Your answer must be a word-for-word copy of the listing, with all pictures excluded.

START Supplied data

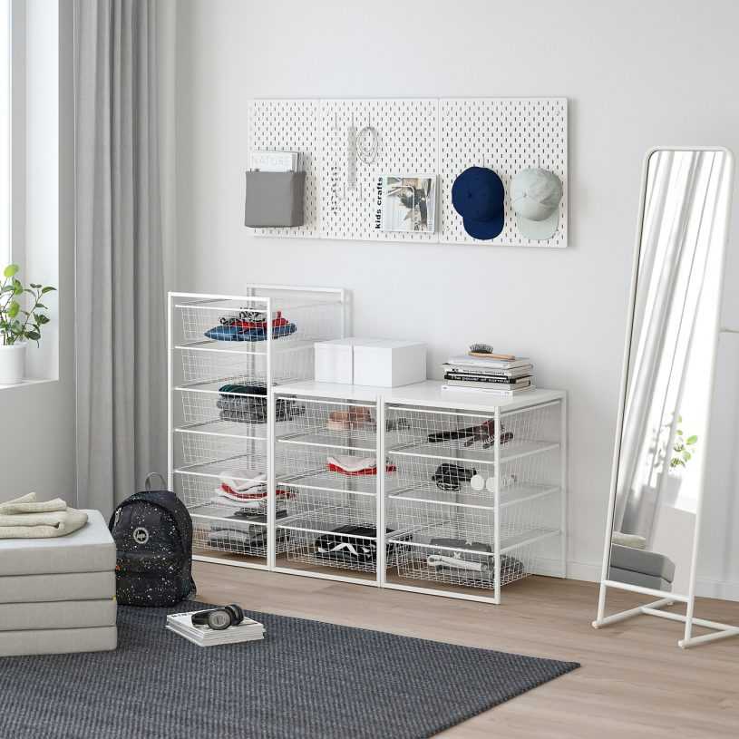 Лаконичный интерьер комнаты для подростка с металлической кроватью Икеа легко оживить. Ощущение теплоты создаст обычный деревянный шкаф-купе, если его поставить рядом со спальным местом. Оригинально выглядят комбинации, составленные из модулей разных линеек. Динамику вносят, играя объемом и цветом элементов.
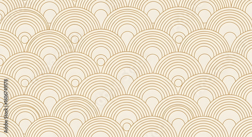 Elegant Seamless Concentric Circle Pattern – Beige Background, Golden Lines, Art Deco Japanese Style
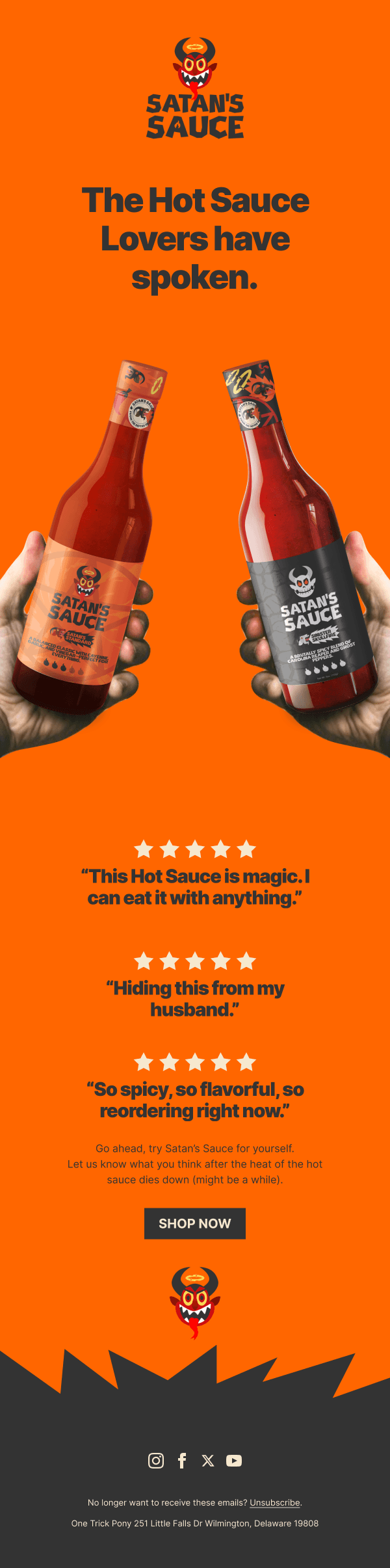 Satan's Sauce is a bold, irreverent hot sauce brand that thrives on intensity—both in flavor and personality. The brand celebrates fiery extremes, tempting thrill-seekers, spice addicts, and heat-loving rebels to embrace a taste that’s as dangerous as it is delicious. Its aesthetic blends cartoonish mischief with infernal heat: exaggerated facial expressions, bright color palettes, and inferno-inspired typography.
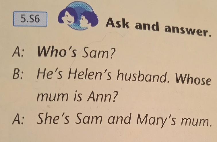 Ask and answer. A: Who's Sam? B: He's Helen's husband. Whose mum is Ann? A: She's Sam and Mary's mum. помагите пожалуйста

END Supplied data

Solution to the problem ▸
 Лаконичный интерьер комнаты для подростка с металлической кроватью Икеа легко оживить. Ощущение теплоты создаст обычный деревянный шкаф-купе, если его поставить рядом со спальным местом. Оригинально выглядят комбинации, составленные из модулей разных линеек. Динамику вносят, играя объемом и цветом элементов.
 Elegant Seamless Concentric Circle Pattern – Beige Background, Golden Lines, Art Deco Japanese Style
 Satan's Sauce is a bold, irreverent hot sauce brand that thrives on intensity—both in flavor and personality. The brand celebrates fiery extremes, tempting thrill-seekers, spice addicts, and heat-loving rebels to embrace a taste that’s as dangerous as it is delicious. Its aesthetic blends cartoonish mischief with infernal heat: exaggerated facial expressions, bright color palettes, and inferno-inspired typography.
 Ask and answer. A: Who's Sam? B: He's Helen's husband. Whose mum is Ann? A: She's Sam and Mary's mum. помагите пожалуйста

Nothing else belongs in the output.